10. During the 1995/96 to 2000/01 marketing years, the United Kingdom shall be authorized to grant, to the extent that it deems necessary, adjustment aid for the refining of preferential unrefined cane sugar.
The granting of the aid referred to in the first subparagraph may take place only within the limit of the quantities agreed pursuant to the provisions referred to by Article 33, such quantities being refined into white sugar in the United Kingdom.

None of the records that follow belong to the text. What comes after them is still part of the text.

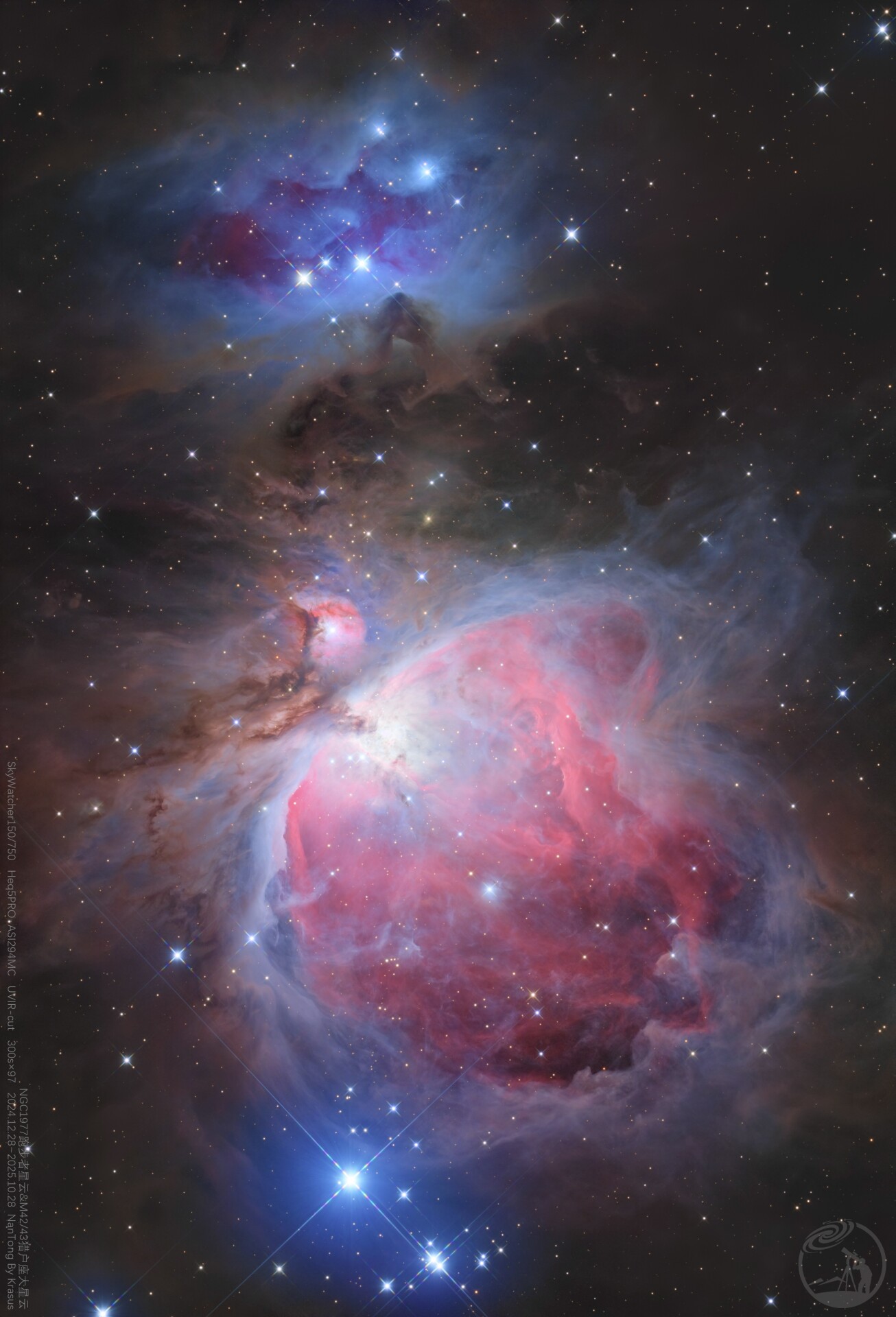 25年年底加钟到150张。本来想继续加到200的,不过处理了一下相比97张提升不大,主要暗部加了一滴滴。打野时间宝贵,让给其他目标吧。42 45 31入门三宝各个很亮,后期真一个都不容易,感觉42又是其实最难的一个。没有特意单独缩短曝光拍核心,所以HDR悄悄做了一些。个人感觉业余拍摄不是科研,一味为了细节强压HDR反而破坏了原有明暗比,42的核心肉眼可见是非常明亮的。最后再次感叹猎户座星云真的太美了!
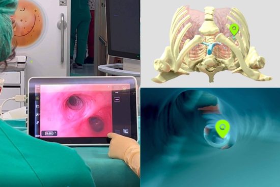 Por primera vez, no lo hizo solo: a su lado, la ingeniera clínica Celia del Peso Ley, de Rayo-seco Systems®, monitorizaba un modelo virtual 3D segmentado a partir de imágenes tomográficas del propio paciente. Desde una pantalla, ofrecía referencias espaciales, confirmaciones anatómicas y seguimiento en tiempo real del trayecto que el broncoscopio recorría.
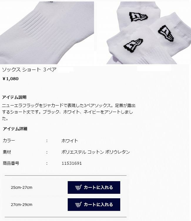 靴下 NEW ERA ニューエラ 3パック ソックス ショート 3Pack Socks Short メンズ くつした 春夏 秋冬
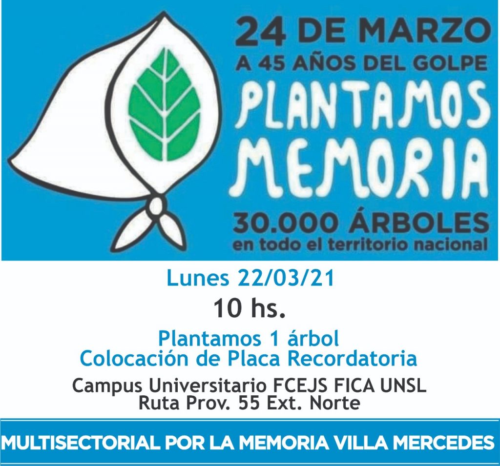 El próximo lunes 22 de marzo de 2021 a las 10 h, en el Campus Universitario de la UNSL en Villa Mercedes, se procederá a plantar un árbol junto a la colocación de una placa conmemoratoria en el marco de las actividades “Plantamos Memoria, 30.000 árboles en todo el territorio nacional”, organizada por la Multisectorial por La Memoria Villa Mercedes.

For this production of white sugar, the maximum amount of aid shall be set at ECU 0,54 per 100 kilograms of sugar expressed as white sugar.`;
14. in Article 48, '30 June 1995`, shall be replaced by '30 June 1996`.
Article 2
The following paragraph shall be inserted in Article 4a of Regulation (EEC) No 1010/86:
'1a. The standard amount of ECU 8,45 per 100 kilograms of white sugar referred to in paragraph 1 may be reduced to as low as ECU 2,42 per 100 kilograms in accordance with the procedure laid down in Article 41 of Regulation (EEC) No 1785/81.`
Article 3
This Regulation shall enter into force on the day following its publication in the Official Journal of the European Communities.
It shall apply from 1 July 1995.
This Regulation shall be binding in its entirety and directly applicable in all Member States.
Done at Brussels, 24 April 1995.
For the Council The President J. PUECH
(1) (2) OJ No C 110, 2. 5. 1995.
(3) (4) OJ No L 336, 23. 12. 1994, p. 1.
(1) OJ No L 194, 17. 7. 1986, p. 7.
(2) OJ No L 229, 17. 8. 1991, p. 1.
(1) OJ No L 387, 31. 12. 1992, p. 7.
(1) OJ No L 229, 17. 8. 1991, p. 1.
(2) OJ No L 190, 22. 7. 1975, p. 35.